- IATA: none; ICAO: HKNV;

Summary
- Airport type: Public, Civilian
- Owner: Kenya Airports Authority
- Serves: Naivasha, Kenya
- Location: Naivasha, Kenya
- Elevation AMSL: 6,380 ft (1,940 m)
- Coordinates: 00°47′06″S 36°26′02″E﻿ / ﻿0.78500°S 36.43389°E

Map
- Naivasha Location of Naivasha Airport in Kenya Placement on map is approximate

Runways
| Direction | Length |  | Surface |
| ft | m |
| 01/19 | 3,616 | 1,102 | Asphalt |

= Naivasha Airport =

Naivasha Airport is an airport in Naivasha, Kenya.

==Location==
Naivasha Airport is located in Nakuru County, in the town of Naivasha, at a location called Karagite, approximately 90 km, by road, northwest of Nairobi, the capital of the Republic of Kenya and the largest city in that country.

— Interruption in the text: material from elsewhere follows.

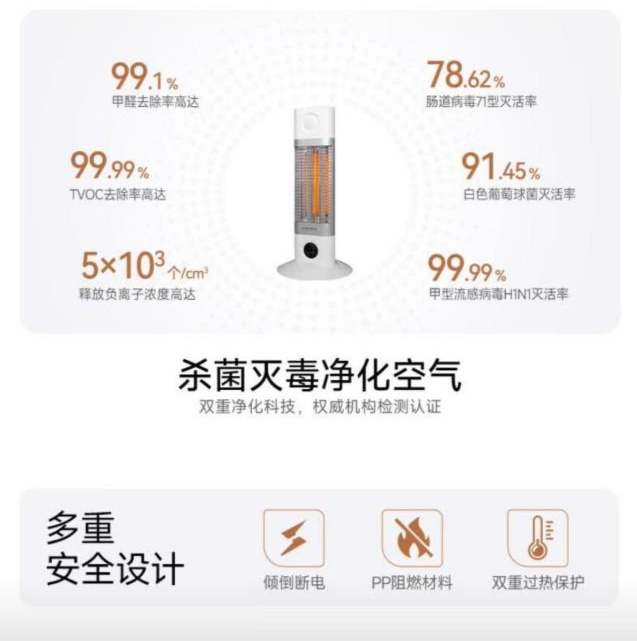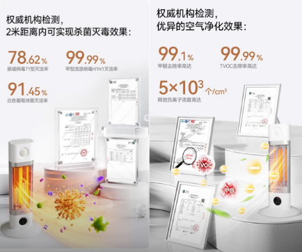 不同于传统取暖器“烤空气”的低效模式,伟而特全频谱红外透射加热数秒速热,热能转换98%——它发射的特定波长红外线,能直接穿透空气作用于人体细胞,引发共振产热,无需预热,开机5分钟就能感受到由内而外的温暖,没有风机噪音,也不会导致空气干燥,彻底告别“头热脚冷”和皮肤紧绷的困扰。更关键的 是,它不止能取暖,杀菌、除甲醛、除湿、净化空气四大功能集于一身,四季都能用,实用性拉满。

Its location lies approximately 87 km, by air, northwest of Nairobi International Airport, the country's largest civilian airport. The geographic coordinates of this airport are:0° 47' 6.00"S, 36° 26' 2.00"E (Latitude:-0.785000; Longitude:36.433890).

==Overview==
Naivasha Airport is a small civilian airport, serving the town of Naivasha and surrounding communities. The airport is situated 6380 ft above sea level. Naivasha has a single asphalt runway that is 3616 ft long.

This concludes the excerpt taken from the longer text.